# Working data

•••••

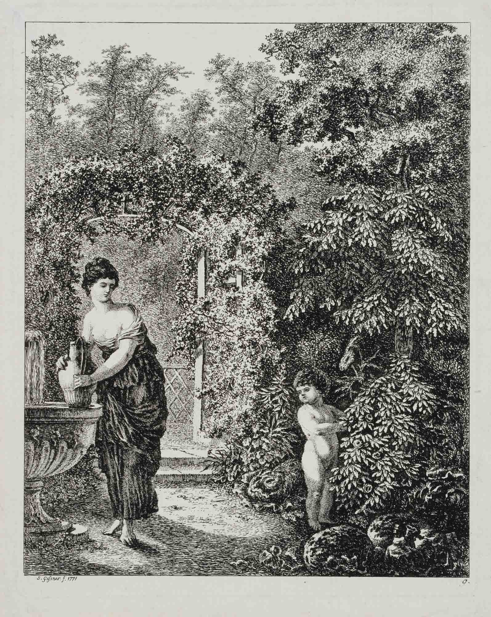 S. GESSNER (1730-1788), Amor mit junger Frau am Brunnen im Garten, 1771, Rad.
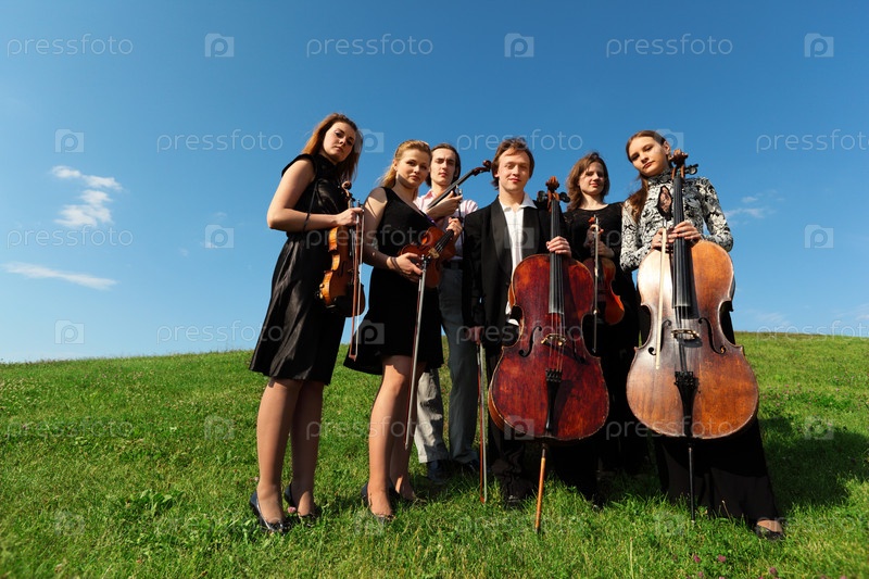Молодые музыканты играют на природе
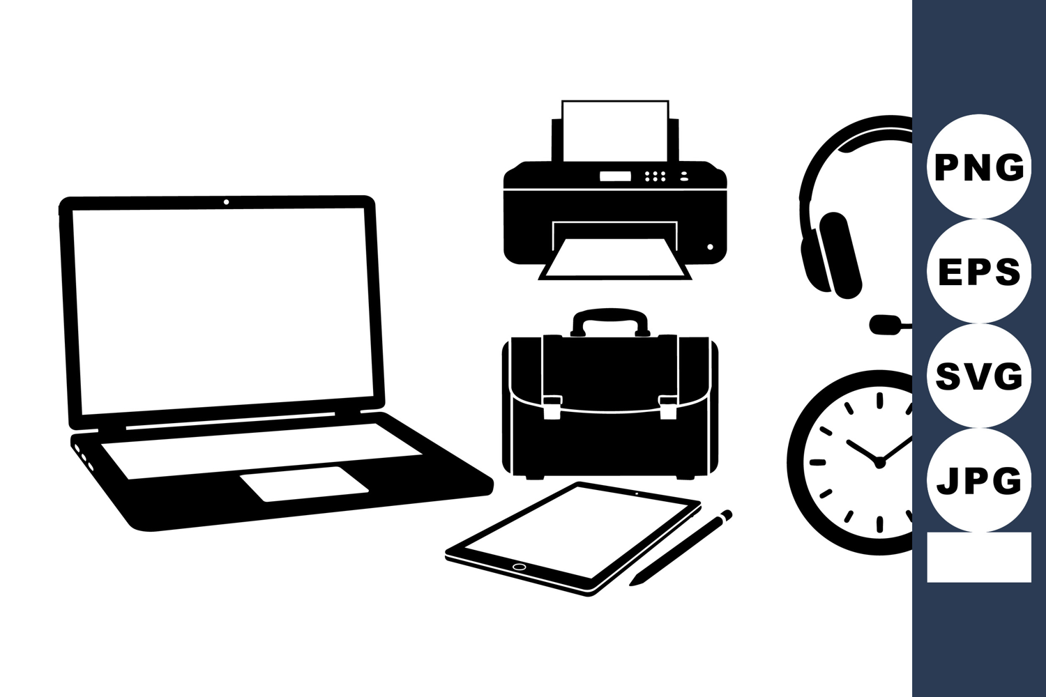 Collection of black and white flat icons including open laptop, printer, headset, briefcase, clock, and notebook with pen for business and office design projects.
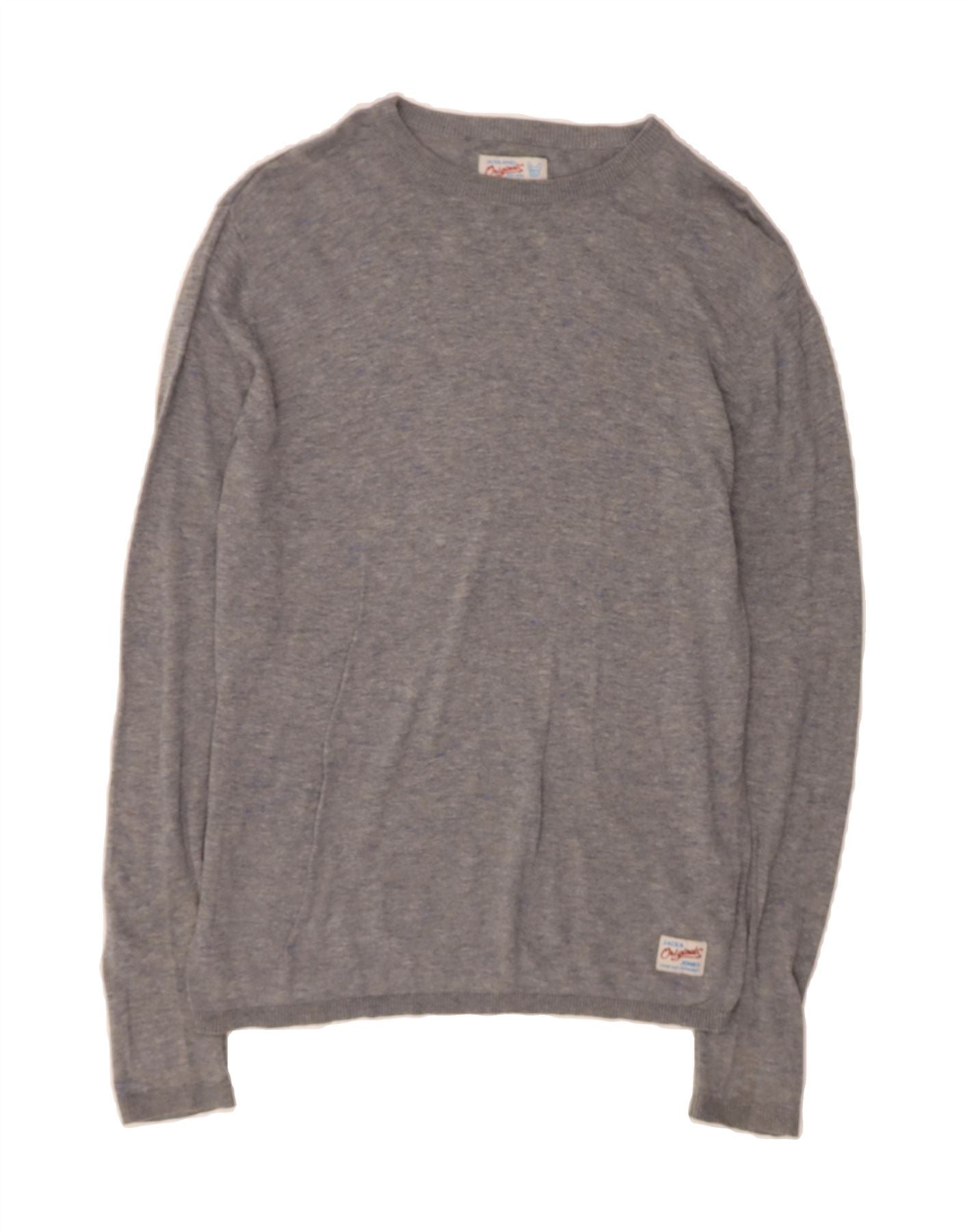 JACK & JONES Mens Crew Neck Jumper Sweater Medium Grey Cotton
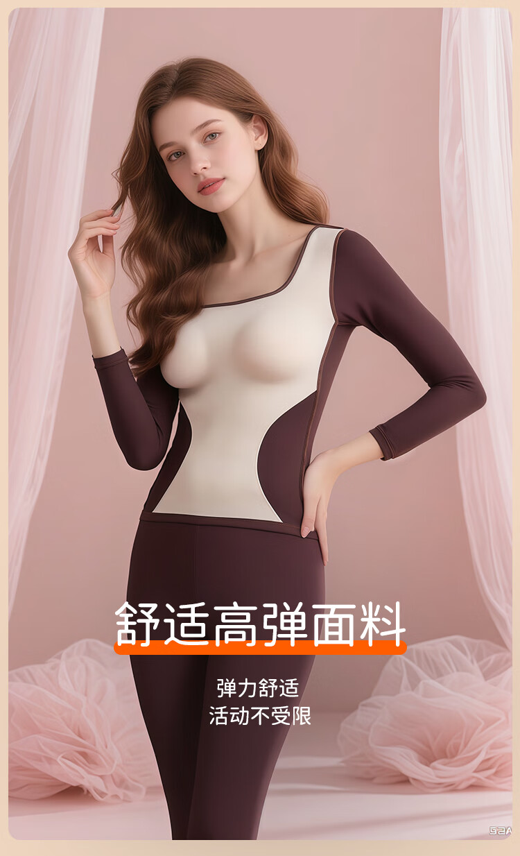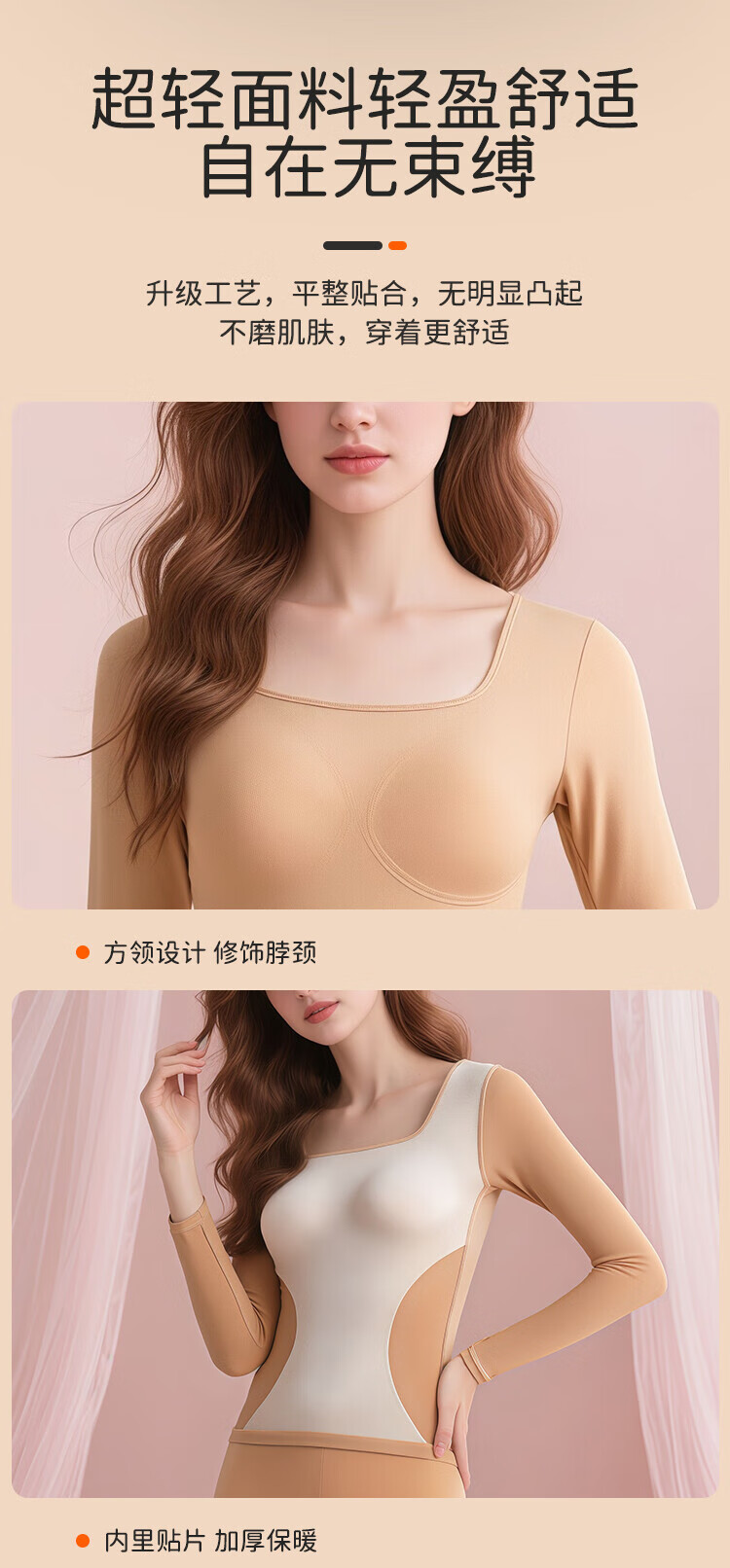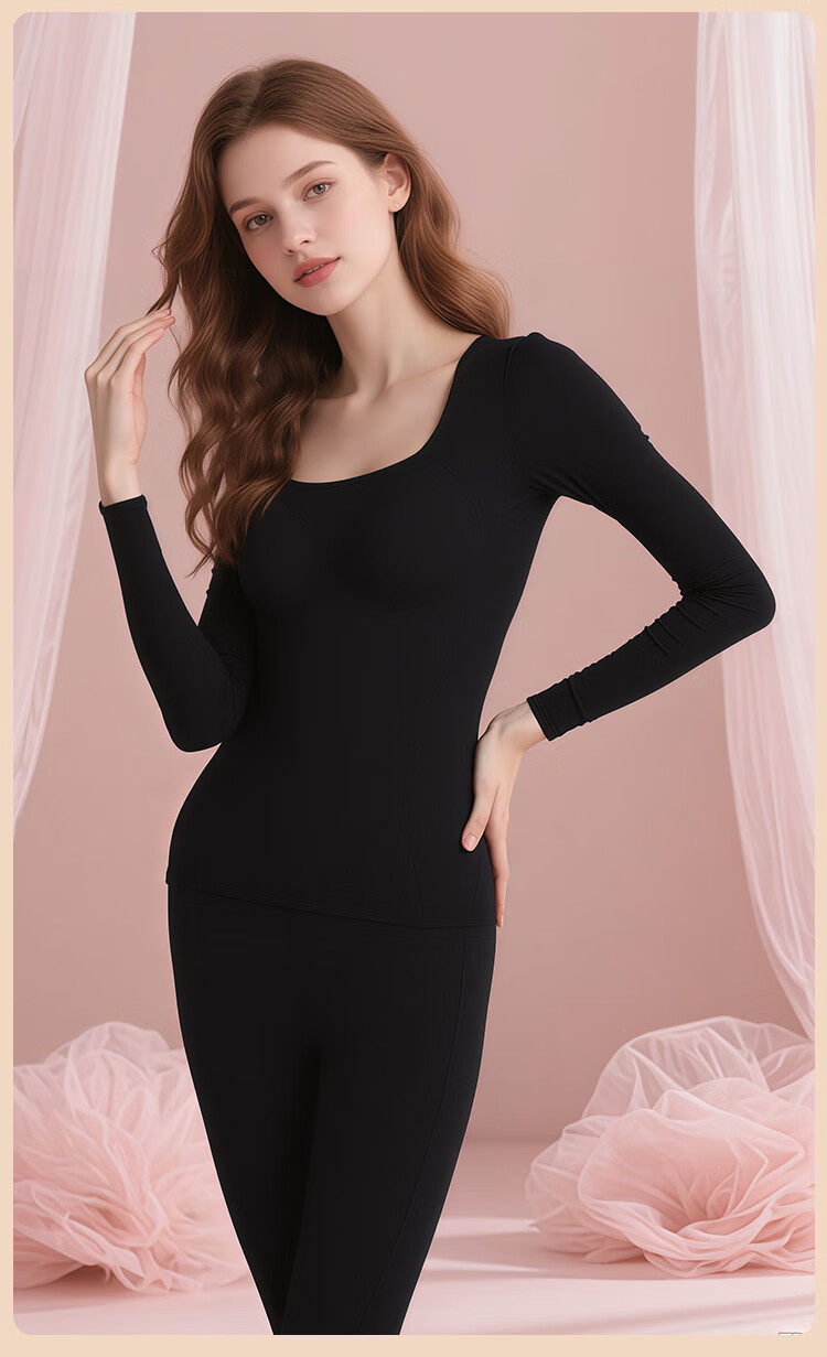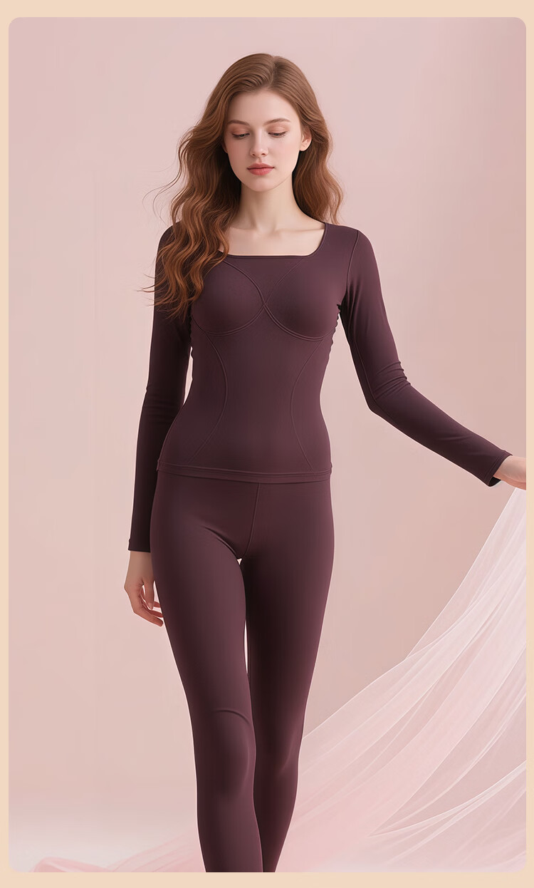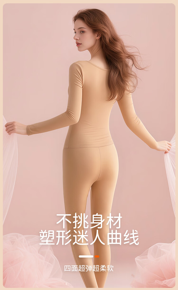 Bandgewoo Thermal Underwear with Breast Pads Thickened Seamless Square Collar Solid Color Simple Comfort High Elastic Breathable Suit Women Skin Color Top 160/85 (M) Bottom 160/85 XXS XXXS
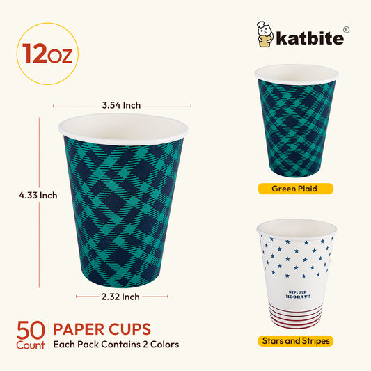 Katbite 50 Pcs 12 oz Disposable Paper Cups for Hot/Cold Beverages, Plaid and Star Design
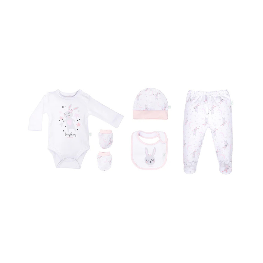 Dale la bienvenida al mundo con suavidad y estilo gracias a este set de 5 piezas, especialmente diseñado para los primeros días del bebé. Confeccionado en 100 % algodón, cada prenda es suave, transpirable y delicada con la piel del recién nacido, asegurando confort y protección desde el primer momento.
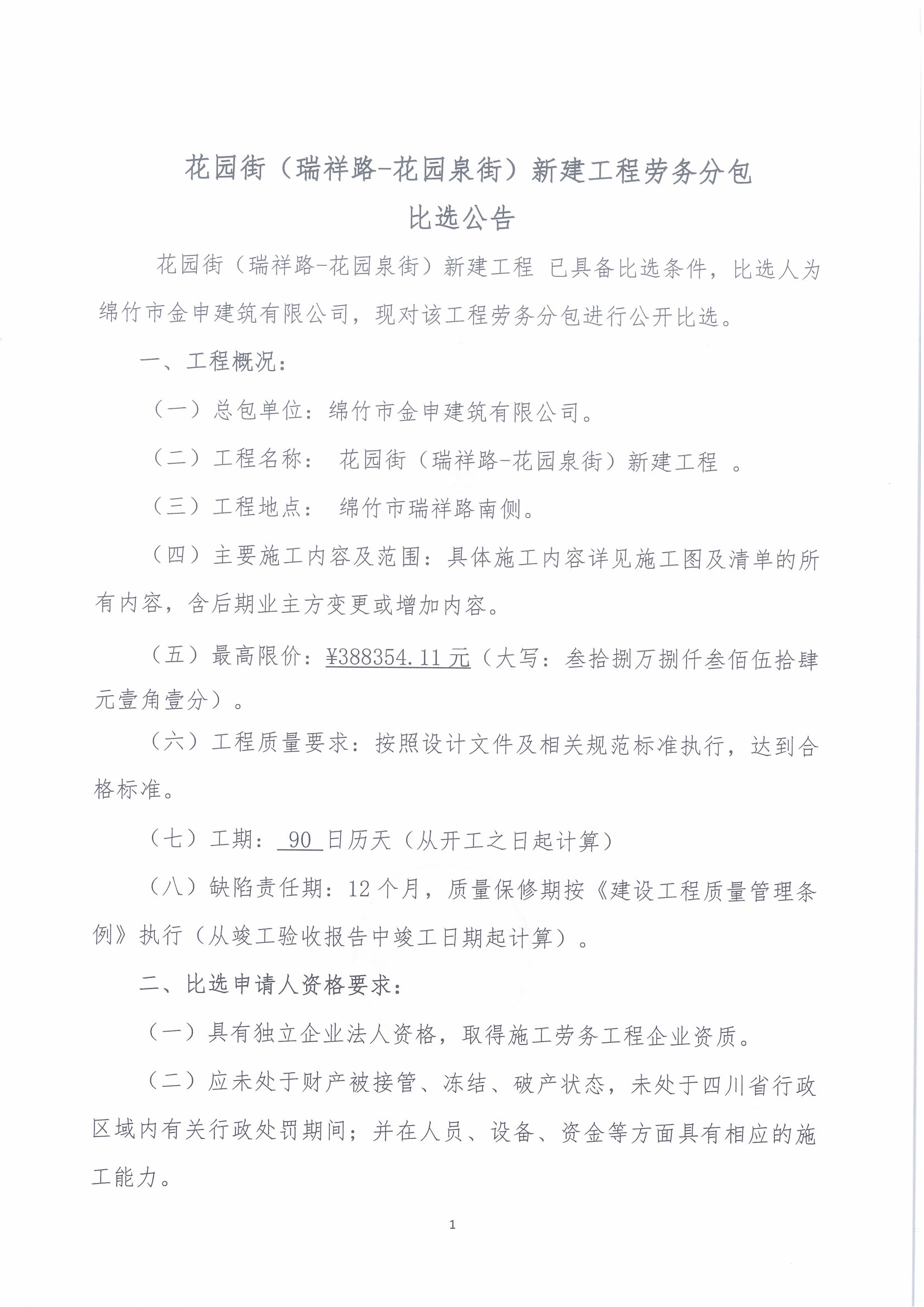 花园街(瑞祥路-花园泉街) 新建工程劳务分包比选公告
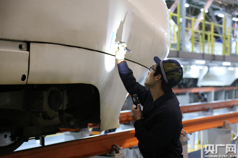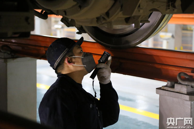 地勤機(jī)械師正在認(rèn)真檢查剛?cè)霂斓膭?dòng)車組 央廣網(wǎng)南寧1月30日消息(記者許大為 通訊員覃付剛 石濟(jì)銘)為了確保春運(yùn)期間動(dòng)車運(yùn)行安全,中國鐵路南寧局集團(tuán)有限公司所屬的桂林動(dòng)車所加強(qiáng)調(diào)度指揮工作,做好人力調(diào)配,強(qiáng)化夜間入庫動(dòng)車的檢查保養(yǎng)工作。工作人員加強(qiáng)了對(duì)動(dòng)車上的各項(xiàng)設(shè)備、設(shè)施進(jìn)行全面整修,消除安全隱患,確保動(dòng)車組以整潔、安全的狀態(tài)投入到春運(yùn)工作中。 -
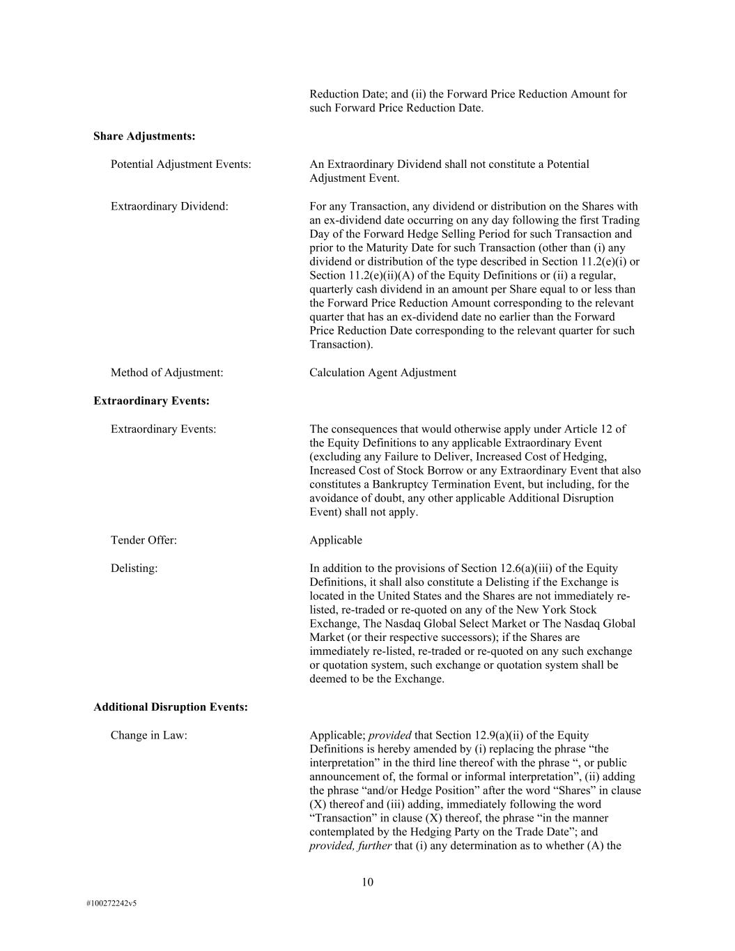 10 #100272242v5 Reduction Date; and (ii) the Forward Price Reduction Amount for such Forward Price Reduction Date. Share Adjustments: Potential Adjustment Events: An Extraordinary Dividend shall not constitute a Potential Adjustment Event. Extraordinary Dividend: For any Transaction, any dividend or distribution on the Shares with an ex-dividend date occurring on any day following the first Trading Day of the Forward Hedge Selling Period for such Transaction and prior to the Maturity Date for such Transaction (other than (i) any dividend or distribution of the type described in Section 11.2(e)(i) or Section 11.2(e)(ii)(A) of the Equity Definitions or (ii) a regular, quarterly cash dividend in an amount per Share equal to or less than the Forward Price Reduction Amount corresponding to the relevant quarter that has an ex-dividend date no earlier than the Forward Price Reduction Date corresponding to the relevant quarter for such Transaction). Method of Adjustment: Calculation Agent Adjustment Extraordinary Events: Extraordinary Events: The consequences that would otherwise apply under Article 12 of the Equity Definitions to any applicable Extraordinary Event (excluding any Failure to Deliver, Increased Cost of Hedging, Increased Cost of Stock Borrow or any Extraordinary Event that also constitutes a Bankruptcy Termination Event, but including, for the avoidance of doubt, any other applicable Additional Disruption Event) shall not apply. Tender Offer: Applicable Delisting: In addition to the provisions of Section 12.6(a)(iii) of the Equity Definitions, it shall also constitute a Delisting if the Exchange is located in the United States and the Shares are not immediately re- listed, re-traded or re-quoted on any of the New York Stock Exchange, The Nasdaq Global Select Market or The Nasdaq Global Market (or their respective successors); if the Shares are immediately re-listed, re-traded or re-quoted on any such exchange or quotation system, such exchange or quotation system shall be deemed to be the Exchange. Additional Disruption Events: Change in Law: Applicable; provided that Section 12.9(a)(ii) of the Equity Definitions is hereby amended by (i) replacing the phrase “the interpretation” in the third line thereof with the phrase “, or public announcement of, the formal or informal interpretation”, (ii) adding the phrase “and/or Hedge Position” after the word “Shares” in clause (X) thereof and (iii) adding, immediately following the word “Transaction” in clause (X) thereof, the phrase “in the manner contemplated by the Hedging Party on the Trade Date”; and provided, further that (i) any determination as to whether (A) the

•••••

# Task item
Please set down the records exactly, and keep every image out of the copy.

# Task solution
 S. GESSNER (1730-1788), Amor mit junger Frau am Brunnen im Garten, 1771, Rad.
Молодые музыканты играют на природе
 Collection of black and white flat icons including open laptop, printer, headset, briefcase, clock, and notebook with pen for business and office design projects.
 JACK & JONES Mens Crew Neck Jumper Sweater Medium Grey Cotton
 Bandgewoo Thermal Underwear with Breast Pads Thickened Seamless Square Collar Solid Color Simple Comfort High Elastic Breathable Suit Women Skin Color Top 160/85 (M) Bottom 160/85 XXS XXXS
 Katbite 50 Pcs 12 oz Disposable Paper Cups for Hot/Cold Beverages, Plaid and Star Design
 Dale la bienvenida al mundo con suavidad y estilo gracias a este set de 5 piezas, especialmente diseñado para los primeros días del bebé. Confeccionado en 100 % algodón, cada prenda es suave, transpirable y delicada con la piel del recién nacido, asegurando confort y protección desde el primer momento.
 花园街(瑞祥路-花园泉街) 新建工程劳务分包比选公告
 地勤機(jī)械師正在認(rèn)真檢查剛?cè)霂斓膭?dòng)車組 央廣網(wǎng)南寧1月30日消息(記者許大為 通訊員覃付剛 石濟(jì)銘)為了確保春運(yùn)期間動(dòng)車運(yùn)行安全,中國鐵路南寧局集團(tuán)有限公司所屬的桂林動(dòng)車所加強(qiáng)調(diào)度指揮工作,做好人力調(diào)配,強(qiáng)化夜間入庫動(dòng)車的檢查保養(yǎng)工作。工作人員加強(qiáng)了對(duì)動(dòng)車上的各項(xiàng)設(shè)備、設(shè)施進(jìn)行全面整修,消除安全隱患,確保動(dòng)車組以整潔、安全的狀態(tài)投入到春運(yùn)工作中。 -
 10 #100272242v5 Reduction Date; and (ii) the Forward Price Reduction Amount for such Forward Price Reduction Date. Share Adjustments: Potential Adjustment Events: An Extraordinary Dividend shall not constitute a Potential Adjustment Event. Extraordinary Dividend: For any Transaction, any dividend or distribution on the Shares with an ex-dividend date occurring on any day following the first Trading Day of the Forward Hedge Selling Period for such Transaction and prior to the Maturity Date for such Transaction (other than (i) any dividend or distribution of the type described in Section 11.2(e)(i) or Section 11.2(e)(ii)(A) of the Equity Definitions or (ii) a regular, quarterly cash dividend in an amount per Share equal to or less than the Forward Price Reduction Amount corresponding to the relevant quarter that has an ex-dividend date no earlier than the Forward Price Reduction Date corresponding to the relevant quarter for such Transaction). Method of Adjustment: Calculation Agent Adjustment Extraordinary Events: Extraordinary Events: The consequences that would otherwise apply under Article 12 of the Equity Definitions to any applicable Extraordinary Event (excluding any Failure to Deliver, Increased Cost of Hedging, Increased Cost of Stock Borrow or any Extraordinary Event that also constitutes a Bankruptcy Termination Event, but including, for the avoidance of doubt, any other applicable Additional Disruption Event) shall not apply. Tender Offer: Applicable Delisting: In addition to the provisions of Section 12.6(a)(iii) of the Equity Definitions, it shall also constitute a Delisting if the Exchange is located in the United States and the Shares are not immediately re- listed, re-traded or re-quoted on any of the New York Stock Exchange, The Nasdaq Global Select Market or The Nasdaq Global Market (or their respective successors); if the Shares are immediately re-listed, re-traded or re-quoted on any such exchange or quotation system, such exchange or quotation system shall be deemed to be the Exchange. Additional Disruption Events: Change in Law: Applicable; provided that Section 12.9(a)(ii) of the Equity Definitions is hereby amended by (i) replacing the phrase “the interpretation” in the third line thereof with the phrase “, or public announcement of, the formal or informal interpretation”, (ii) adding the phrase “and/or Hedge Position” after the word “Shares” in clause (X) thereof and (iii) adding, immediately following the word “Transaction” in clause (X) thereof, the phrase “in the manner contemplated by the Hedging Party on the Trade Date”; and provided, further that (i) any determination as to whether (A) the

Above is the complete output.